**Records for the task**:
[Start of section]
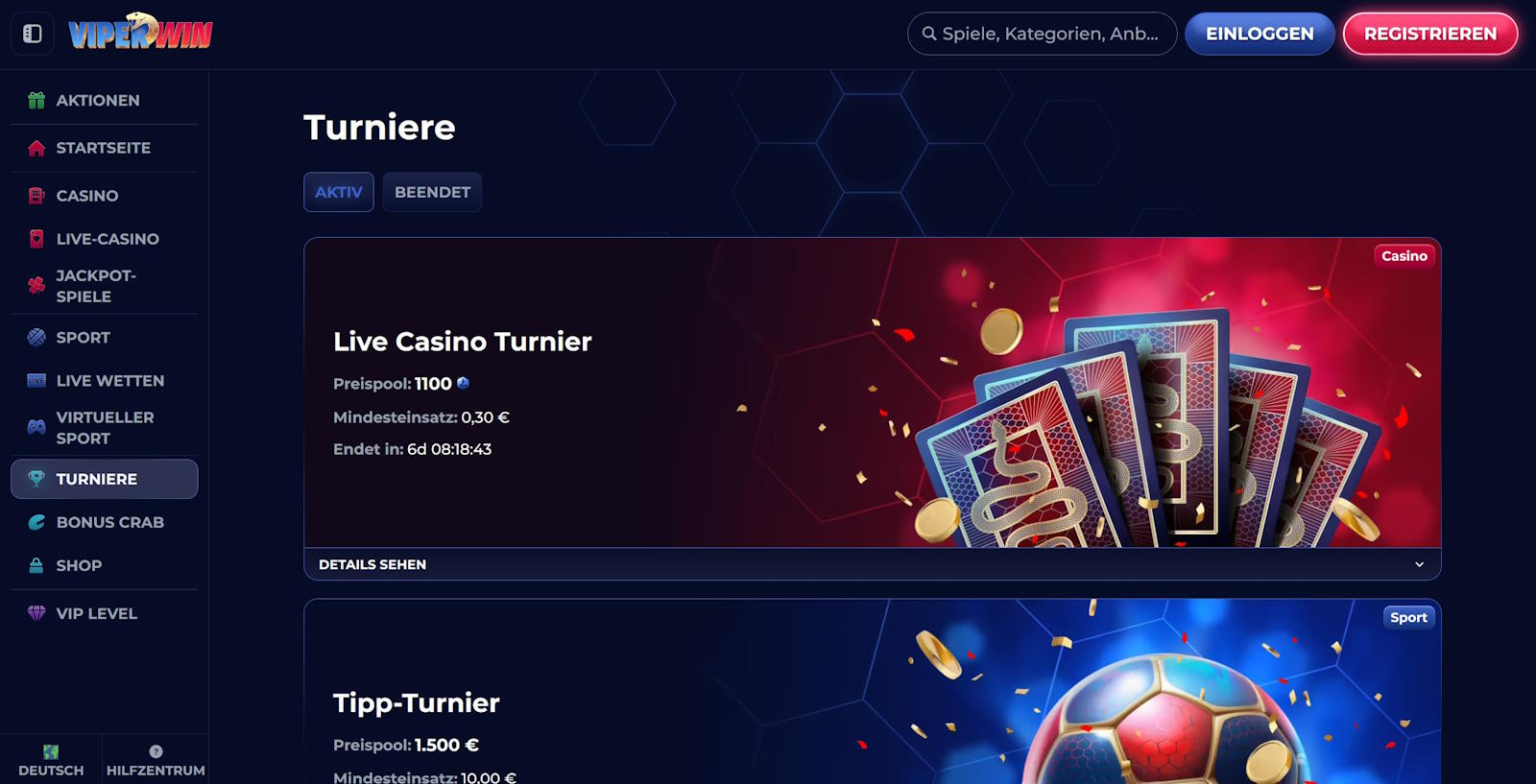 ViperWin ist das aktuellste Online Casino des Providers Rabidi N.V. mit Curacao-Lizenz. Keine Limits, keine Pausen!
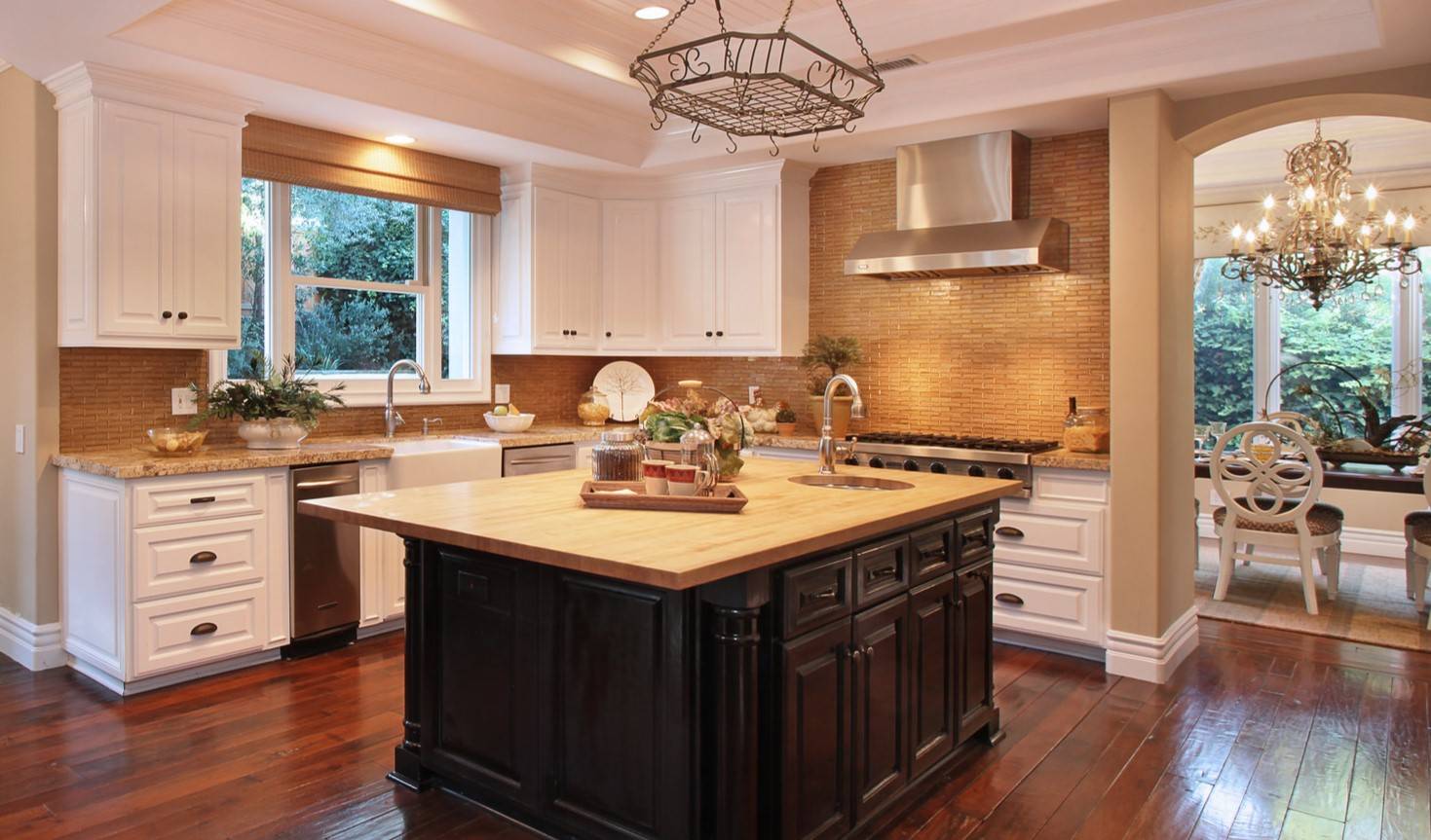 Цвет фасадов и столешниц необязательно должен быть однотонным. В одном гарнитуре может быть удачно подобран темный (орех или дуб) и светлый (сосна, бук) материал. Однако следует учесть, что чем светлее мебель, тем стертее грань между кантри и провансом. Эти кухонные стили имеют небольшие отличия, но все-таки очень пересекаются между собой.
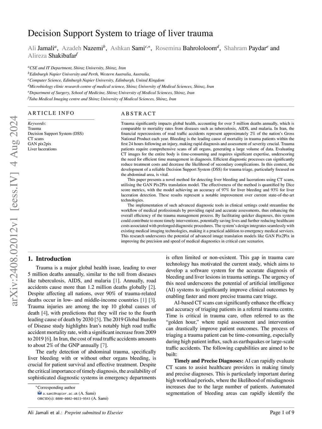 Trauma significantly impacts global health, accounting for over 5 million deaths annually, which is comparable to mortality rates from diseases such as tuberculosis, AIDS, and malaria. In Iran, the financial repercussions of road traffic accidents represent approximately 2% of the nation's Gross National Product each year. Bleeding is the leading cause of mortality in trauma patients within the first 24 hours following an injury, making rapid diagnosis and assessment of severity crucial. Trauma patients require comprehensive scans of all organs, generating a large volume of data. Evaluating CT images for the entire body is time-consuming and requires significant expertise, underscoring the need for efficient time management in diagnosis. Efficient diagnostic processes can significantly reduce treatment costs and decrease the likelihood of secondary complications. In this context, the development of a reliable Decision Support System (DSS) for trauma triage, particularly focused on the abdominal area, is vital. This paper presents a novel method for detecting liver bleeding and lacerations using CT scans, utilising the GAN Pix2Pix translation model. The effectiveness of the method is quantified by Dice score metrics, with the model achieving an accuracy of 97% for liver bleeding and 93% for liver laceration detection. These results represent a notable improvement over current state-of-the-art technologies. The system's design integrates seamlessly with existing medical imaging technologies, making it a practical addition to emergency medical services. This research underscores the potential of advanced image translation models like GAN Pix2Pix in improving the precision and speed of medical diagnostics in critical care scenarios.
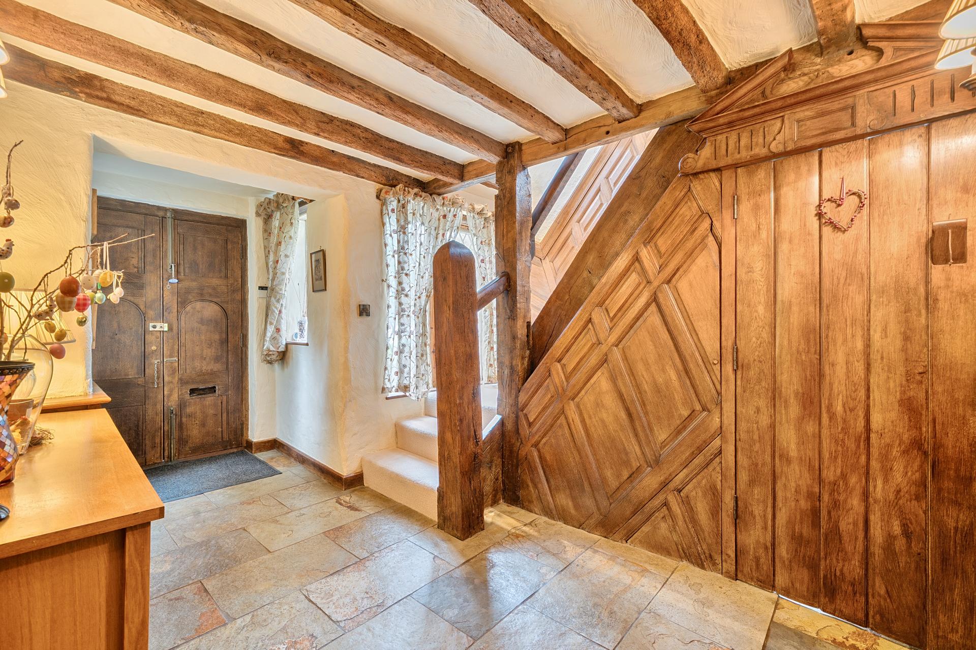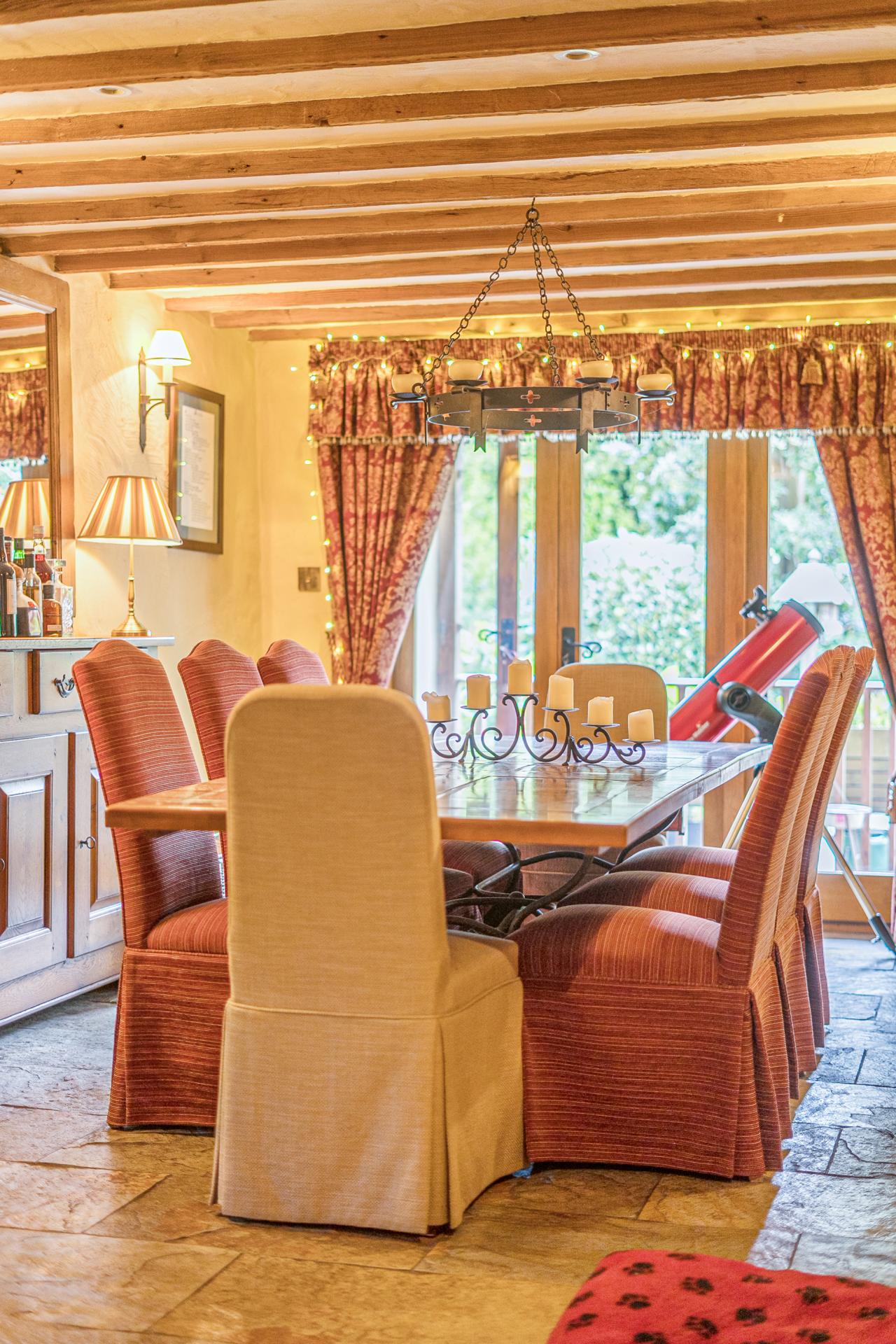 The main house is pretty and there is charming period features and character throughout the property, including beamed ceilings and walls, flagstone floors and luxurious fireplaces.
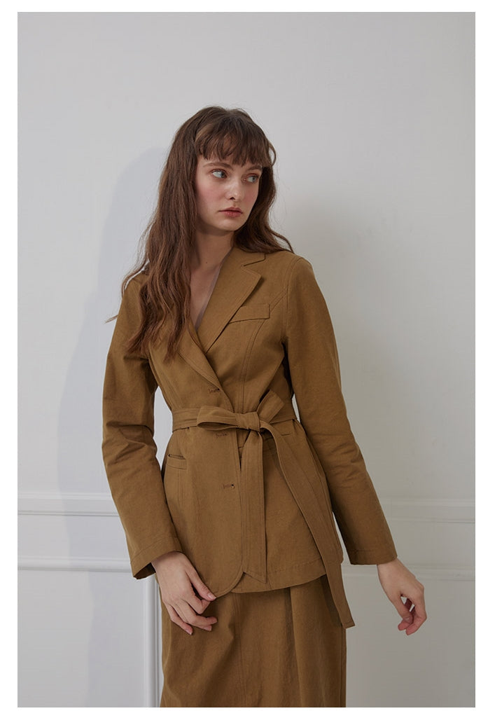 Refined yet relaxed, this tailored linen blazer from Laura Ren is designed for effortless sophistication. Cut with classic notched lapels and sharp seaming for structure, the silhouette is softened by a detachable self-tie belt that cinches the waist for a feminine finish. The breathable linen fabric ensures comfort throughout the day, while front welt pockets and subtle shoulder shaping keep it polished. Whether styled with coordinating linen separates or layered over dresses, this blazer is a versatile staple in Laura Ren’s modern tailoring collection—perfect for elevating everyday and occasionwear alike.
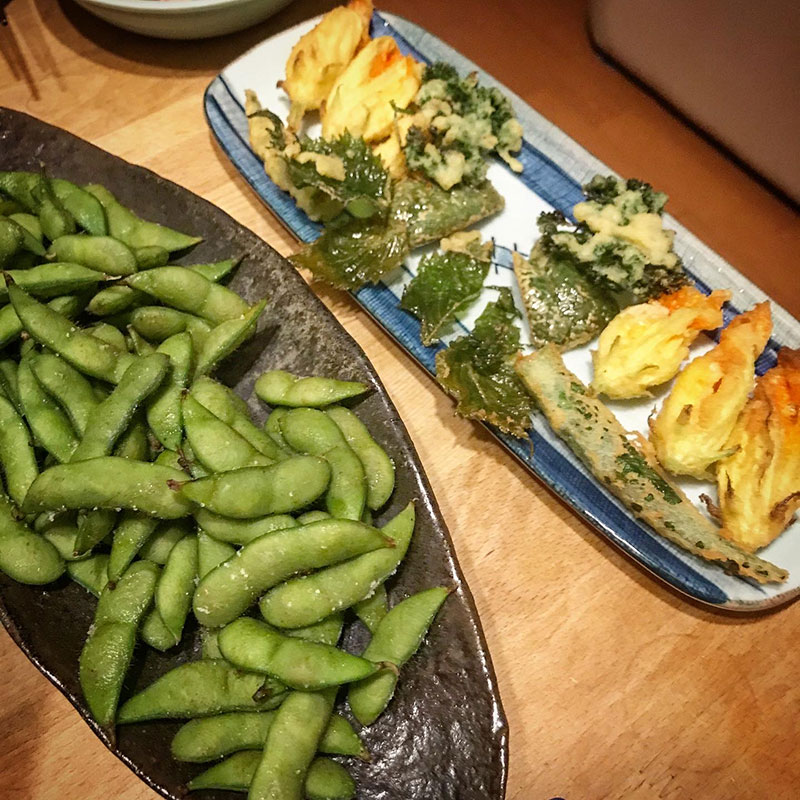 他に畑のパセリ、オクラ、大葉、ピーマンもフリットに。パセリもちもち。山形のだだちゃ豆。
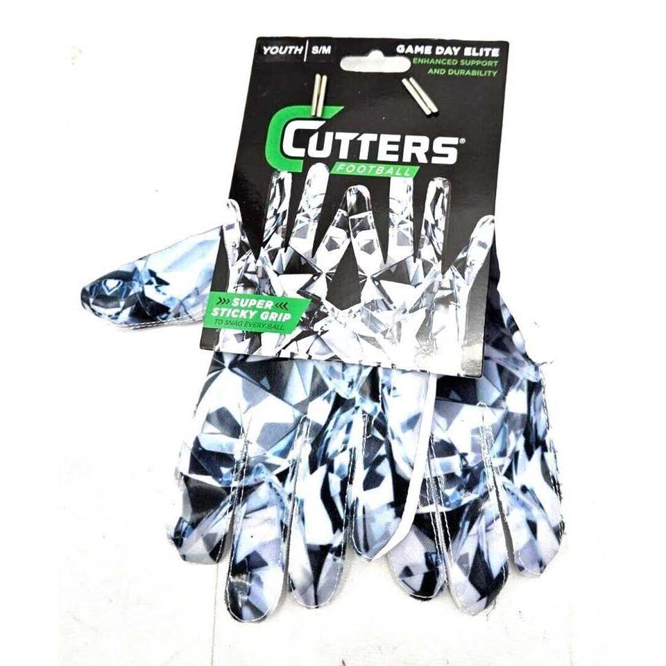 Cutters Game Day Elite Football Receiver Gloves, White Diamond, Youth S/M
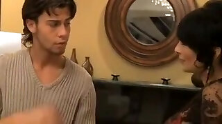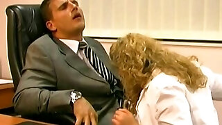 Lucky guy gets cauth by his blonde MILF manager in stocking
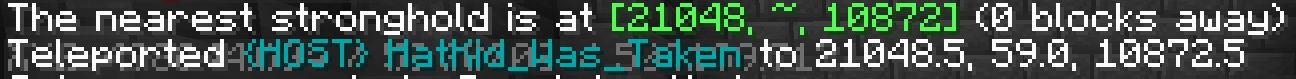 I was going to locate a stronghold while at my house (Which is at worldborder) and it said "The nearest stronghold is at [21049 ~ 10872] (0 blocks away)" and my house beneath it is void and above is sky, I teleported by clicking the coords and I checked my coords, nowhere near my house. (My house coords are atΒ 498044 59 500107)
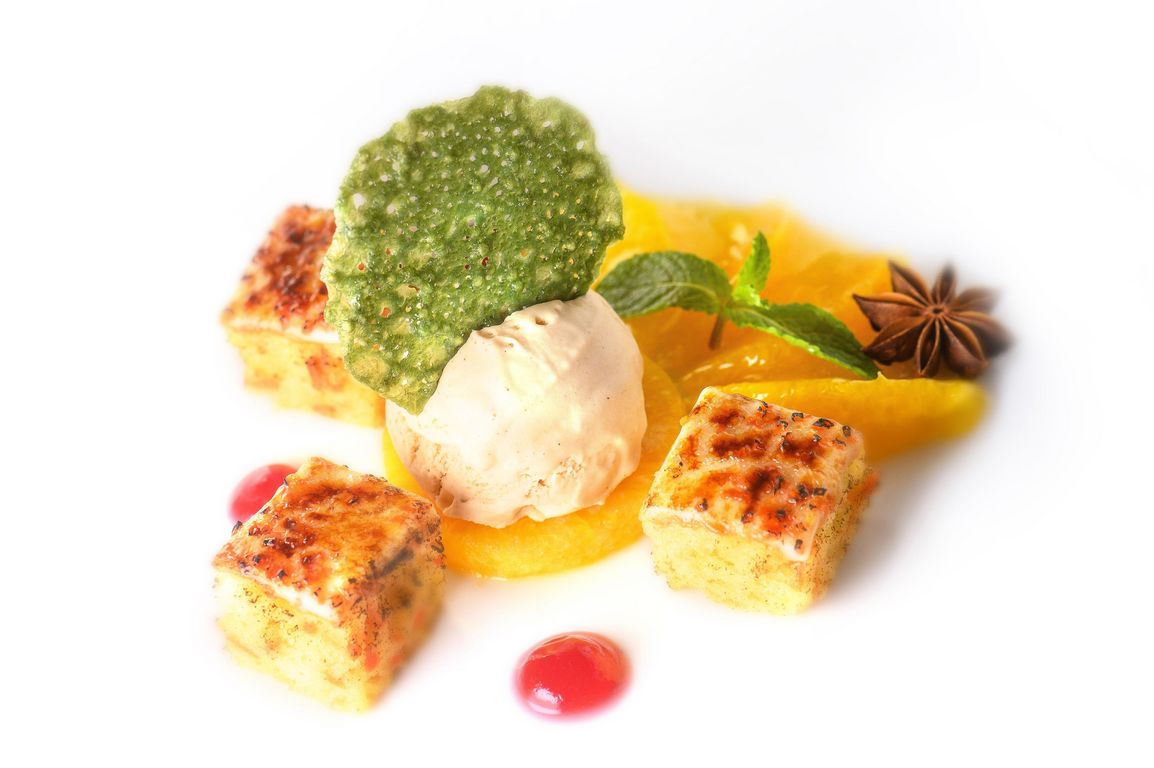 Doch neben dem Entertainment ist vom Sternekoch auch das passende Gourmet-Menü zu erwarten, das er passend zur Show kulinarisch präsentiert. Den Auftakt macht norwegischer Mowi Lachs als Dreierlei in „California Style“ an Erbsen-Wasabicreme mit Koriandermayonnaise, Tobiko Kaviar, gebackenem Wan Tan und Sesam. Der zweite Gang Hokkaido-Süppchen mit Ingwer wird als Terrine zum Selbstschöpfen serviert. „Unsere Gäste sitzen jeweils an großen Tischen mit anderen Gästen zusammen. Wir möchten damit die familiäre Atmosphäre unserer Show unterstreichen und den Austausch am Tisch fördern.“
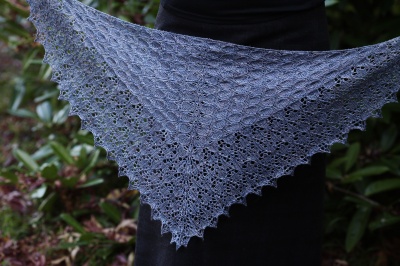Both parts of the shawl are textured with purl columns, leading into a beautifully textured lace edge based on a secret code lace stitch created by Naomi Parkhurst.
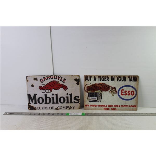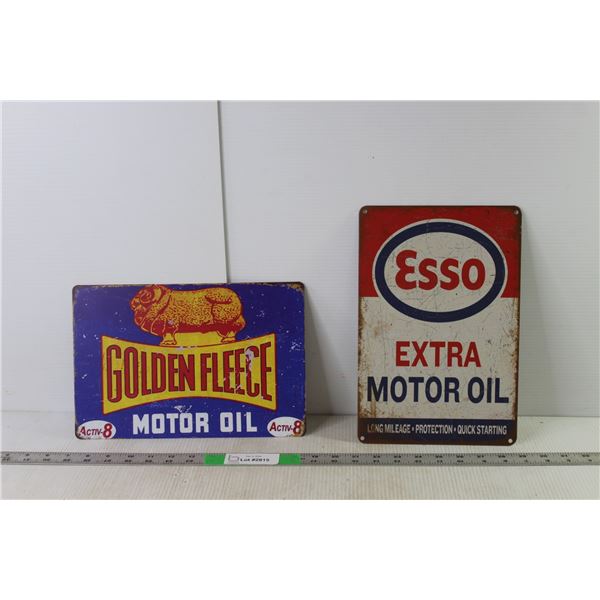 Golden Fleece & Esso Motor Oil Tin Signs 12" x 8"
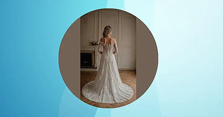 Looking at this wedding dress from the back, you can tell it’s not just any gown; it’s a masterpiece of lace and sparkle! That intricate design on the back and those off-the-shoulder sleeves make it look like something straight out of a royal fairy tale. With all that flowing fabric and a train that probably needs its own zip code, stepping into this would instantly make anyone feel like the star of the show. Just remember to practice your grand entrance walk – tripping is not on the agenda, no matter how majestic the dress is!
[End of section]
When you write out the material again, keep every word exact and omit the pictures.

 ViperWin ist das aktuellste Online Casino des Providers Rabidi N.V. mit Curacao-Lizenz. Keine Limits, keine Pausen!
 Цвет фасадов и столешниц необязательно должен быть однотонным. В одном гарнитуре может быть удачно подобран темный (орех или дуб) и светлый (сосна, бук) материал. Однако следует учесть, что чем светлее мебель, тем стертее грань между кантри и провансом. Эти кухонные стили имеют небольшие отличия, но все-таки очень пересекаются между собой.
 Trauma significantly impacts global health, accounting for over 5 million deaths annually, which is comparable to mortality rates from diseases such as tuberculosis, AIDS, and malaria. In Iran, the financial repercussions of road traffic accidents represent approximately 2% of the nation's Gross National Product each year. Bleeding is the leading cause of mortality in trauma patients within the first 24 hours following an injury, making rapid diagnosis and assessment of severity crucial. Trauma patients require comprehensive scans of all organs, generating a large volume of data. Evaluating CT images for the entire body is time-consuming and requires significant expertise, underscoring the need for efficient time management in diagnosis. Efficient diagnostic processes can significantly reduce treatment costs and decrease the likelihood of secondary complications. In this context, the development of a reliable Decision Support System (DSS) for trauma triage, particularly focused on the abdominal area, is vital. This paper presents a novel method for detecting liver bleeding and lacerations using CT scans, utilising the GAN Pix2Pix translation model. The effectiveness of the method is quantified by Dice score metrics, with the model achieving an accuracy of 97% for liver bleeding and 93% for liver laceration detection. These results represent a notable improvement over current state-of-the-art technologies. The system's design integrates seamlessly with existing medical imaging technologies, making it a practical addition to emergency medical services. This research underscores the potential of advanced image translation models like GAN Pix2Pix in improving the precision and speed of medical diagnostics in critical care scenarios.
 The main house is pretty and there is charming period features and character throughout the property, including beamed ceilings and walls, flagstone floors and luxurious fireplaces.
 Refined yet relaxed, this tailored linen blazer from Laura Ren is designed for effortless sophistication. Cut with classic notched lapels and sharp seaming for structure, the silhouette is softened by a detachable self-tie belt that cinches the waist for a feminine finish. The breathable linen fabric ensures comfort throughout the day, while front welt pockets and subtle shoulder shaping keep it polished. Whether styled with coordinating linen separates or layered over dresses, this blazer is a versatile staple in Laura Ren’s modern tailoring collection—perfect for elevating everyday and occasionwear alike.
 他に畑のパセリ、オクラ、大葉、ピーマンもフリットに。パセリもちもち。山形のだだちゃ豆。
 Cutters Game Day Elite Football Receiver Gloves, White Diamond, Youth S/M
 Lucky guy gets cauth by his blonde MILF manager in stocking
 I was going to locate a stronghold while at my house (Which is at worldborder) and it said "The nearest stronghold is at [21049 ~ 10872] (0 blocks away)" and my house beneath it is void and above is sky, I teleported by clicking the coords and I checked my coords, nowhere near my house. (My house coords are atΒ 498044 59 500107)
 Doch neben dem Entertainment ist vom Sternekoch auch das passende Gourmet-Menü zu erwarten, das er passend zur Show kulinarisch präsentiert. Den Auftakt macht norwegischer Mowi Lachs als Dreierlei in „California Style“ an Erbsen-Wasabicreme mit Koriandermayonnaise, Tobiko Kaviar, gebackenem Wan Tan und Sesam. Der zweite Gang Hokkaido-Süppchen mit Ingwer wird als Terrine zum Selbstschöpfen serviert. „Unsere Gäste sitzen jeweils an großen Tischen mit anderen Gästen zusammen. Wir möchten damit die familiäre Atmosphäre unserer Show unterstreichen und den Austausch am Tisch fördern.“
Both parts of the shawl are textured with purl columns, leading into a beautifully textured lace edge based on a secret code lace stitch created by Naomi Parkhurst.
 Golden Fleece & Esso Motor Oil Tin Signs 12" x 8"
 Looking at this wedding dress from the back, you can tell it’s not just any gown; it’s a masterpiece of lace and sparkle! That intricate design on the back and those off-the-shoulder sleeves make it look like something straight out of a royal fairy tale. With all that flowing fabric and a train that probably needs its own zip code, stepping into this would instantly make anyone feel like the star of the show. Just remember to practice your grand entrance walk – tripping is not on the agenda, no matter how majestic the dress is!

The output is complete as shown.